F. Duncan M. Haldane
F. Duncan M. Haldane
In general, I am interested in strongly-interacting quantum many-body condensed-matter systems, explored by non-perturbative methods:
Geometry of the fractional quantum Hall effect (FQHE): The FQHE occurs when the kinetic energy of electrons bound to a 2D surface becomes quantized in the presence of a high magnetic fields when they move in Landau orbits. The "guiding centers" of their orbits have non-commuting components and define a "quantum geometry". "Incompressible quantum fluid" states of the electrons at fractional Landau-level filling p/q can be modeled as a "condensate" of "composite bosons" formed from p particles and q "flux quanta" (guiding-center orbitals). I recently found that the shape (geometry) of the "composite boson" was the previously-unrecognized collective degree of freedom of the FQHE, and is described by a "unimodular" spatial metric-tensor field. This leads to a new field-theoretical description of FQHE states in terms of Chern-Simons fields plus the metric-tensor field that (unlike the c. 1990 "Chern-Simons + Ginzburg-Landau" description that it replaces) successfully describes the FQHE collective mode. The new picture appears to provide the previously-missing ingredient for a quantitative description of FQHE incompressibility.
"Entanglement spectrum" of quantum states: With my student Hui Li, we investigated the spectrum of "pseudo-energies" of the Schmidt singular-value bipartite decomposition of the support of a quantum state (a FQHE fluid) into two spatial regions.
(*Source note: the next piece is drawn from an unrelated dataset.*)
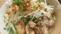 3.鶏手羽先の骨と肉をはずして、肉に軽く白だしをからめておいたものと、たっぷり刻んだ万能葱と、たっぷりすりおろした生わさびをあしらって完成。

This is usually used to obtain the "entanglement entropy" of the state, but we found that plotting the spectrum it as a function of momentum parallel to the translationally-invariant boundary between the two regions revealed a gapless "pseudo-energy" excitation spectrum from which the topological order could be identified. This new notion of examining the "entanglement spectrum" as a function of its quantum numbers, rather than just an "entropy", has turned into a powerful tool for detecting and identifying topological order.
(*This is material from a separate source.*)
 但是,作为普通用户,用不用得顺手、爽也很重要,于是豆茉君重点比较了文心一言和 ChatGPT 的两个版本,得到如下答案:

Model wavefunctions for the FQHE: The Laughlin, Moore-Read, and other model wavefunctions for FQHE states can be represented as Jack Polynomials, which have the key property they only contain occupation number configurations that can be "squeezed" from a root state. The connection to Jack polynomials exposes so-far unexploited algebraic properties of such states, which are in some sense fractional-statistics analogs of free-particle states, with extra simplicity in their properties, as compared to "generic" FQHE states. With A. Bernevig, I have been interested in whether these properties might lead to ways to carry out exact calculations of properties of these model states.
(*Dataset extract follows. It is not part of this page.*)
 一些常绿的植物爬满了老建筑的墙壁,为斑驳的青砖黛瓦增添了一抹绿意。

Topological Insulators, and "Chern Insulators": In 1988, I proposed a graphene-like model of a topologically non-trivial band structure, with broken time-reversal symmetry but regular Bloch states, that exhibited an (integer) "quantum Hall effect without Landau levels" in the absence of a net magnetic fiux density. This would today be called a "Chern Insulator", the original "topological insulator". A simple generalization of the model lead to Kane and Mele's 2004 model for a time-reversal-invariant 2D topological insulator, which in turn lead to the discovery of the 3D topological insulators. As a different generalization, with my student S. Raghu, I used this model to demonstrate theoretically that topologically-non-trivial photonic band structures could be made that would have "unidirectional" edge modes that could propagate around corners an obstructions without backscattering. More recently, it was found that models of Chern insulators with "flat bands" may support an FQHE without Landau levels, which is a current interest.
Honors
- Alfred P. Sloan Foundation Research Fellow (1984-88); Fellow of the American Physical Society (1986-); Fellow of the American Academy of Arts and Sciences (Boston) (1992-); recipient of the Oliver E. Buckley Condensed Matter Physics Prize of the American Physical Society (1993); Fellow of the Royal Society of London (1996-); Fellow of the Institute of Physics (UK) (1996-); Fellow of the American Association for the Advancement of Science (2001-); Lorentz Chair at the Lorentz Institute, Leiden (2008); co-recipient (with Charles Kane and Shoucheng Zhang, (photo, talk) of the 2012 ICTP Dirac Medal; Simons Fellow in Theoretical Physics (2013-2014), Nobel Prize for Physics 2016 (co-laureates David J. Thouless and J. Michael Kosterlitz); elected to National Academy of Sciences (Foreign Associate) May 2017.